Find the tension T2 of the box hanging from the rope if 1 = 25°, 2 = 65°, T1 = 60.58 newtons, and W = 143.4 newtons
About 130 N
To find the tension T2 of the box hanging from the rope, we can start by drawing a free-body diagram for the box. In the diagram, denote T1 as the tension in the rope connected to the box at an angle of 25° and T2 as the tension in the rope connected to the box at an angle of 65°. The weight of the box, W, acts vertically downwards.
Now, let's break down the forces acting on the box along the vertical and horizontal directions.

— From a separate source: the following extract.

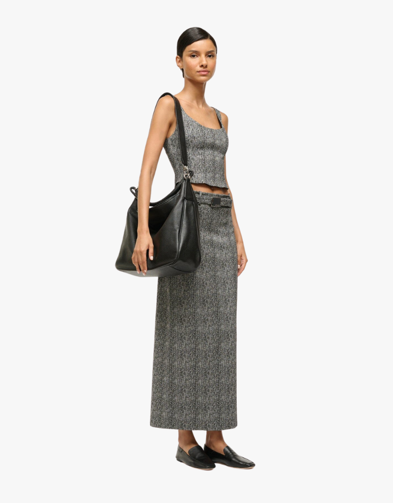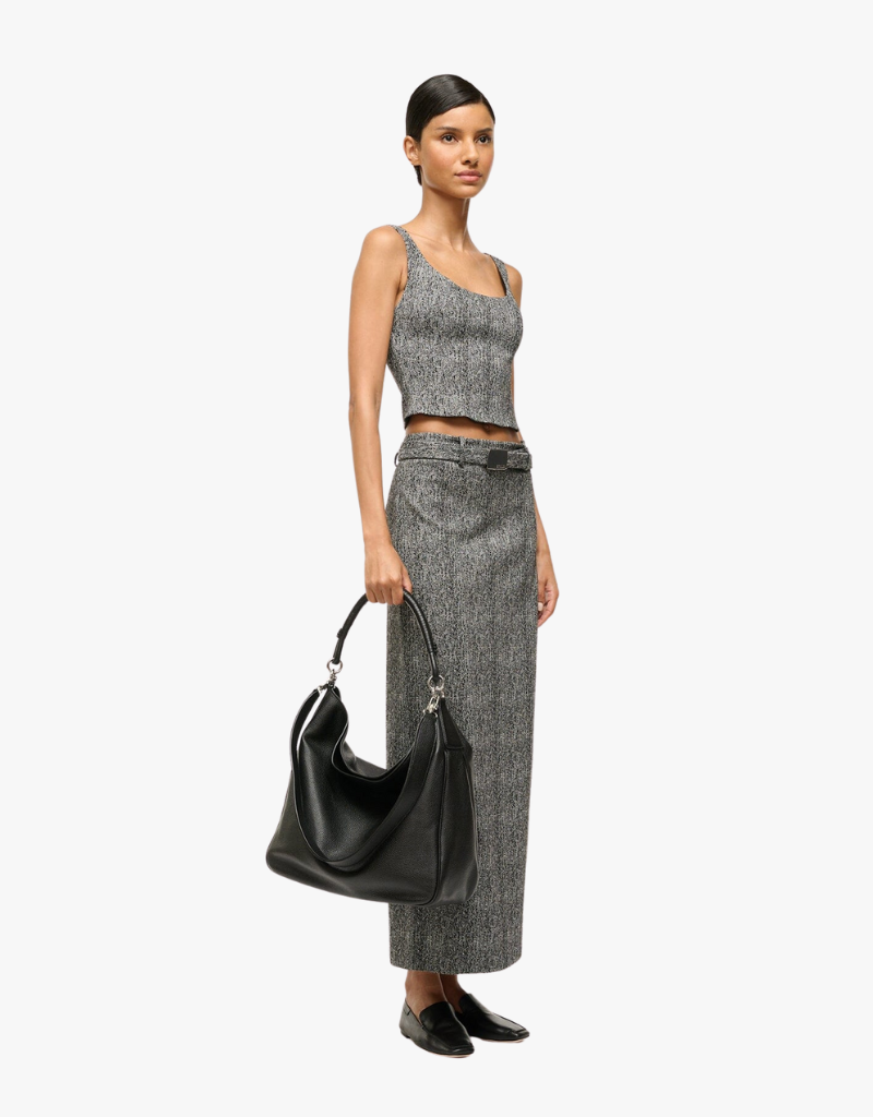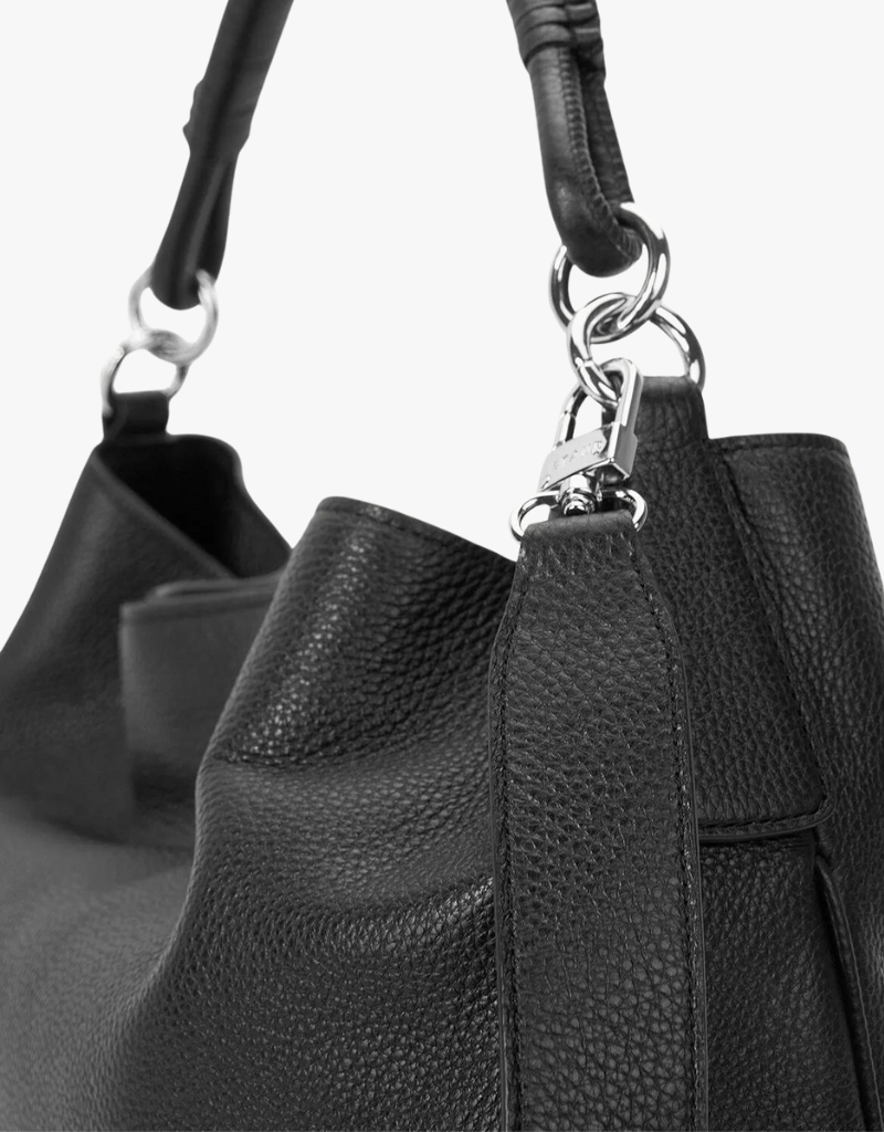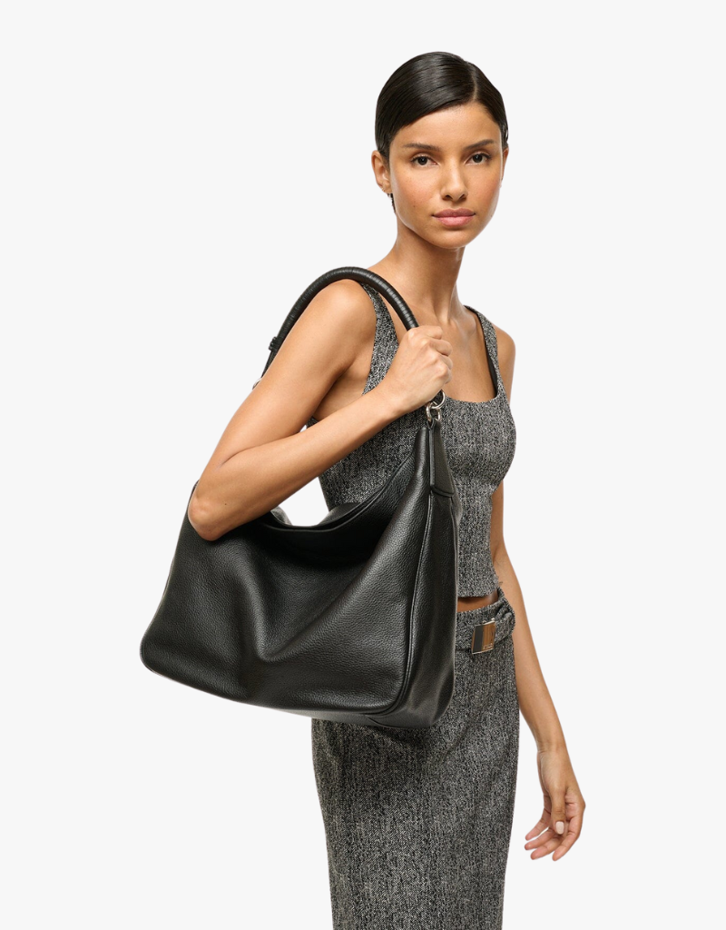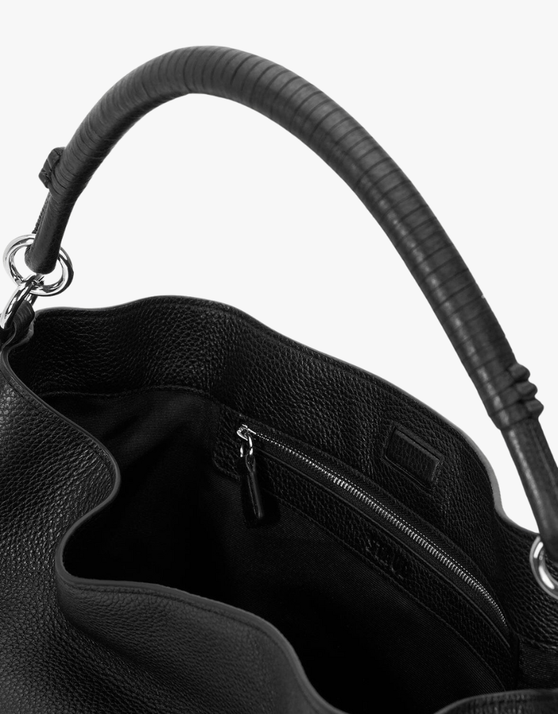 Introducing the Perry Bag - a slouchy tote with a wrapped leather handle, a removable shoulder strap, and a magnetic closure. The luxurious suede lining adds a touch of sophistication to this must-have accessory. Indulge in sophistication!

In the vertical direction:
- T1 * sin(25°) - T2 * sin(65°) - W = 0
This equation represents the equilibrium condition in the vertical direction. The vertical components of T1 and T2 must balance the weight of the box for it to remain stationary.
In the horizontal direction:
- T1 * cos(25°) + T2 * cos(65°) = 0
This equation represents the equilibrium condition in the horizontal direction. The horizontal components of T1 and T2 must cancel each other out for there to be no net horizontal force.
Now, we can solve these equations to find the values of T1 and T2:
From the vertical direction equation:
T1 * sin(25°) - T2 * sin(65°) - W = 0
Substituting the given values:
T1 * (sin(25°)) - T2 * (sin(65°)) - W = 0
(60.58 N) * (sin(25°)) - T2 * (sin(65°)) - (143.4 N) = 0
From the horizontal direction equation:
T1 * cos(25°) + T2 * cos(65°) = 0
Substituting the given values:
T1 * (cos(25°)) + T2 * (cos(65°)) = 0
(60.58 N) * (cos(25°)) + T2 * (cos(65°)) = 0
Now, you can solve these two equations simultaneously to find the value of T2.